I believed it once, for exactly 2 weeks and four days. I had been talking to this boy for a few weeks and we had a lot in common. He liked superheroes, and discussing Eastern culture, and we both had a love of religion. A few days after we had made our relationship official he asked me to come over and meet his parents; of course I was ecstatic to meet them. However, when I went to his house I was strangely greeted with one that was empty.

He explained to me that there was nothing to worry about, that his parents would be back soon. We played video games and chatted, he showed me his unique paintings and I smiled and laughed. As we were playing another round of Donkey Kong 64 I asked for some water. He obliged coming back from down the stairs. Being thirsty, I drank most of it.

Now, one can say I was blind to the dangerous situation I was in, and the truth is, I was. I didn't expect any harm from this man, much less a glass of water. But it was after this innocent gesture that I started to feel out of touch with myself. I ended up with my head up in the clouds, not truly being completely aware of what was going on around me. Somehow, I ended up on the floor, with my shirt off; the next thing I knew, my pants and underwear had been discarded. I am in a bed now, a pillow is covering my face. He is speaking to me but his voice sounds like something out of a nightmare.

"You like it," he seemed to yell at me. I couldn't tell if he was trying to convince me or himself. I try not to dwell on his logic. But the words he told me still haunt me.

It wasn't until the extreme pain I felt that my mind snapped out from the fog, I kicked him off of me. Wrapping my arms around myself as I tried to absorb what had just happened to me. The worst thing of that night was not the crime that had just been committed, but the fact that he tried to comfort me. Telling me over and over that everything was okay, that this was normal.

It didn't take me long to break off the relationship after that; three days of a happy relationship, the rest was the fallout of a terrible breakup.

But why is this important? Why is this story of sexual assault any different from anything else? Well, because I had to heal, and continue to heal on my own.

I tried to talk to support groups; the entire thing there could be summed up by the statement of, "Well, that is sad and we are sorry that happened.
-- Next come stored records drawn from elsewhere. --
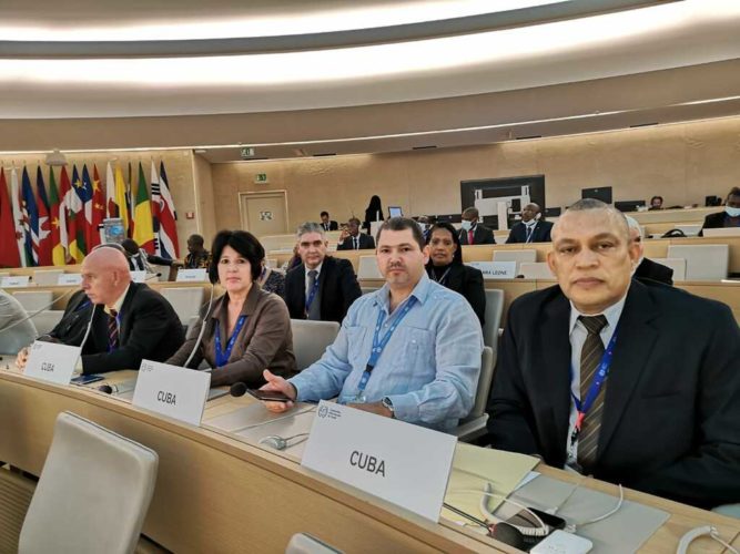 Mediante la red social Twitter, el embajador y representante permanente de Cuba ante los organismos internacionales con sede en Ginebra, Juan Antonio Quintanilla, informó que la titular de Trabajo y Seguridad Social hizo énfasis en las medidas para garantizar la protección en el contexto de la COVID-19.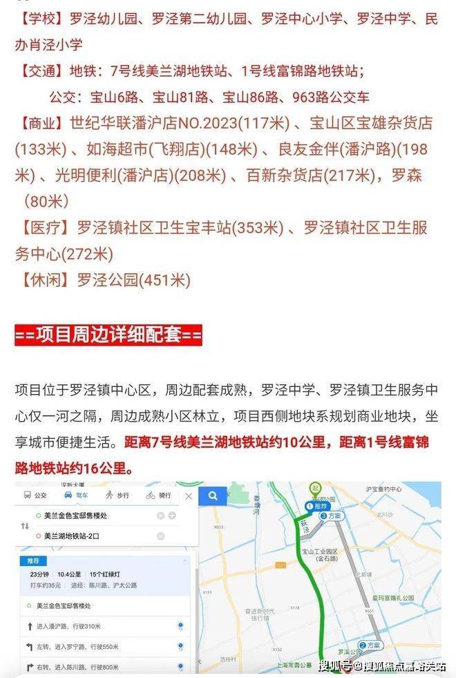 项目位于罗泾镇中心区,周边配套成熟,罗泾中学、罗泾镇卫生服务中心仅一河之隔,周边成熟小区林立,项目西侧地块系规划商业地块,坐享城市便捷生活。 10分钟内接驳轨道交通7号线美兰湖站及1号线富锦路站,尽享成熟便捷交通,出行无忧。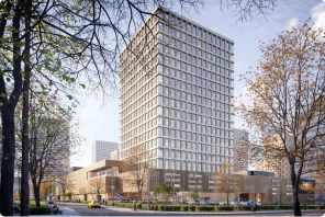 Комплекс включает офисные помещения с высокими потолками до 3,85 м, а также торговую зону с супермаркетом, магазинами, фуд-холлом, фитнесом и сервисами для резидентов.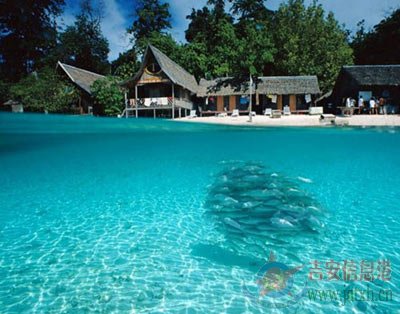 750美元5天4晚的套餐价格看上去有点贵,不过这已包括了吃、住、行及娱乐、交通的一切费用,比早两年的1300美元便宜多了。而且住的是名副其实的水上屋———整个木屋都悬在美丽的海水之上。每天的生活大致可以这样安排:白天玩浮潜,吃过天天不同风味的自助餐后,懒洋洋地看鱼儿在脚下觅食、打架,然后搬把椅子,在屋顶或海边晒太阳。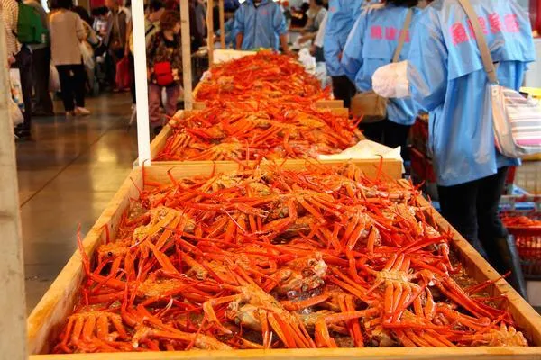 国内で唯一、湾のなかに紅ズワイガニの漁場を持ち、水揚げ量は日本随一。鮮度抜群のカニがずらりと店頭に並びます。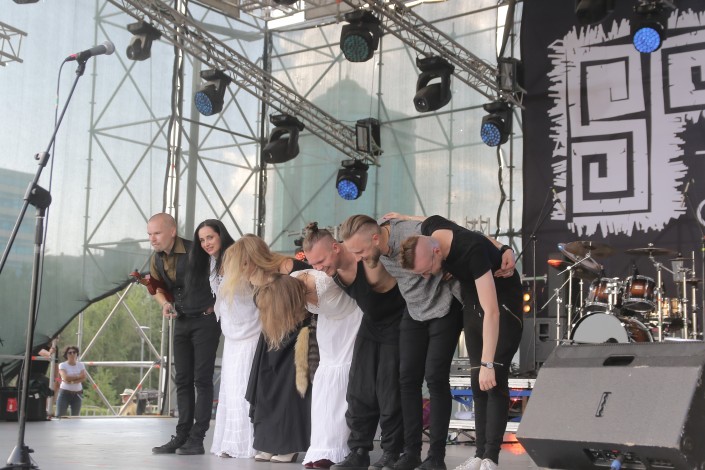 19.00 Потрясающее треголосие и энергичные барабанные партии группы из Литвы начали по настоящему раскачивать атмосферу. Гости фестиваля стали сначала пританцовывать, а потом и танцевать в полную силу.

However, this is a rape support group. You merely were assaulted," or, "Date rape is a concept that you fought against him, which it seems that you didn't really."

More often then not, when I talked with women, I would get the sob story of their life and about how the time they were "actually" gang raped, or abused by a boyfriend constantly, or how this one bad date turned violent, was much more traumatic than my "simple" assault.

So, like many women do in this country, I stayed silent. I stayed alone with my broken mind and heart, and shunned everybody that even came close. I became the 65% percent of women that didn't report the crime that had been done. I didn't pursue justice, for fear that the court would tell me the same silly things that I had been asked and told by other women that had even been through the same thing.

One can argue that being raped is different than being sexually assaulted. However, if we as a society become so wrapped up in labeling what is and what is not traumatic, we will end up hurting the progress that is being made to better protect women.

In a study focusing on all the reasons one would not pursue justice, one of the reasons was that the women believed that it wasn't serious enough. Just as my simple assault was just a case of bad sex, or because it didn't include penetration wasn't even assault, just harassment.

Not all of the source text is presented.